We kept all features that were mentioned more than once after removing non-adjectives,
inappropriate words, and typos, as well as combining synonyms.
Then, 1,000 registered users on Prolific were asked to rate either 105 animal features or 105
politician features from the feature elicitation experiments. Each participant was randomly
assigned to rate features of two animals (e.g., “dolphin” and “whale”) or two U.S. politicians
(e.g., “George W. Bush” and “Hillary Clinton”). Participants were asked questions such as “Is a
finch smart?” and responded by clicking either the “Yes” or “No” button on the screen. Each
question was asked twice to measure response reliability. Thus, each participant saw 420
question trials.
Experiment 2 Results
Clustering participants based on their feature ratings serves as a conceptual replication of
Experiment 1. In the feature rating experiment, participant reliability was high with an average
reliability of 86%. Similar to Experiment 1, subject responses likely reflect stable aspects of
subjects’ conceptual representations. The number of concepts found was 6 to 16 for politicians
6 to 11 for animals, compared to 9 to 19 for politicians and 5 to 13 for animals in Experiment 1
(see Figure 10 in Supplementary Materials). Likewise, the ecological estimator results in 6 to
66 latent concepts in the population, compared to 6 to 50 in Experiment 1. Comparing the
number of concepts for each word between experiments also results in high agreement, in
both the MAP clustering (cosine similarity = 0.92) and ecological estimator (cosine similarity =
0.67). Such similar findings, despite a very different paradigm, provides convergent support
for conceptual diversity.
Figure 5 shows agreement for a sample of features and concepts. Many features show near
universal agreement among participants, but many also show large disagreement among
participants. For example, most participants agreed that seals are not feathered but are slippery
while disagreeing as to whether they are graceful. Likewise, most participants agreed that
Trump is not humble and is rich, but there is high disagreement as to whether he is interesting.

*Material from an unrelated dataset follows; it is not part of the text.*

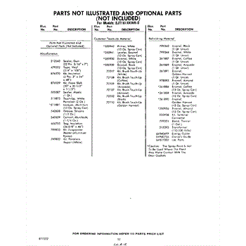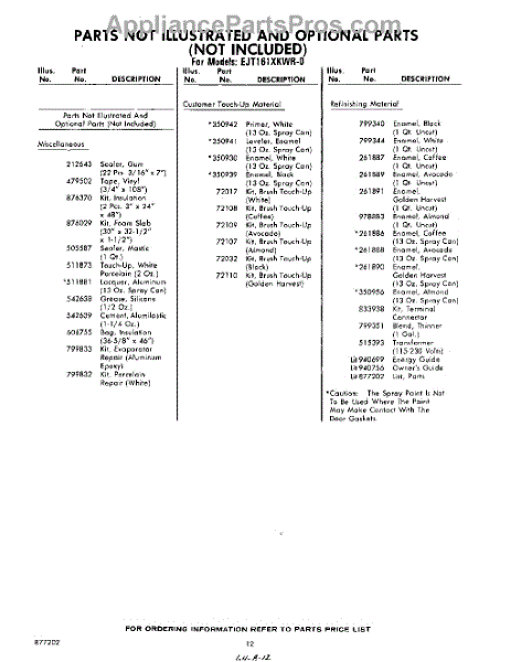 Parts for Whirlpool EJT161XKWR0: 12 - Not Illustrated And Optional Parts

These sorts of disagreements likely reflect the different conceptual representations possessed
by our participants, especially given the convergence between these findings and the similarity
experiment. We note, however, that the results here could be due to differences between
participants in the meaning of the features (e.g., what they think “interesting” refers to), though
several theories of concepts (e.g., conceptual role theories, classical theories) have the
meaning of “Trump” critically dependent on underlying features or related terms.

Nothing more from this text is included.